« Le plus dur, c’est parfois de placer un pied dans la porte », raconte François Brassard.

Deuxième chance

CHRONIQUE / Il faut que ce soit la pire position au hockey. C’est clair. Il n’y a pas d’autres options.

Un défenseur inconnu peut débarquer au camp d’entraînement et épater la galerie. S’il parvient à se tailler un poste, il peut entamer dans la saison dans le fauteuil numéro six ou sept, et continuer de tranquillement gravir les échelons.

Pour un attaquant, c’est pareil.

Il y a deux gardiens par équipe.
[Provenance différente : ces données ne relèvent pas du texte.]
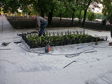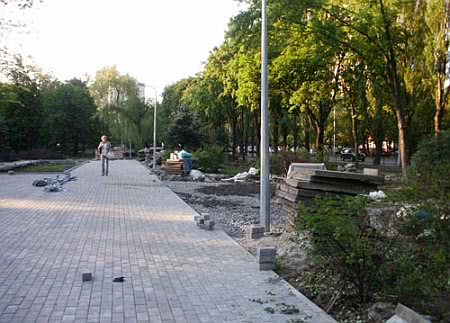 Зокрема, вони знімають стару плитку, поспіхом кладуть нову, встановлюють нові лавочки та паркани, розбивають нові клумби та дитячі майданчики.

La rareté des postes disponibles complique drôlement la tâche des outsiders qui ne font pas partie des plans et qui souhaitent brouiller les cartes.

François Brassard semble d’accord avec moi, là-dessus.

« Le plus dur, c’est parfois de placer un pied dans la porte », m’a dit le gardien gatinois quand je lui ai parlé, vendredi midi.

Brassard se porte plutôt bien. Il a justement réussi à glisser un de ses pieds dans un cadre de porte. Dans quelques heures, l’ancien gardien des Olympiques de Gatineau et des Ravens de l’université Carleton obtiendra même un premier départ dans la Ligue East Coast (ECHL).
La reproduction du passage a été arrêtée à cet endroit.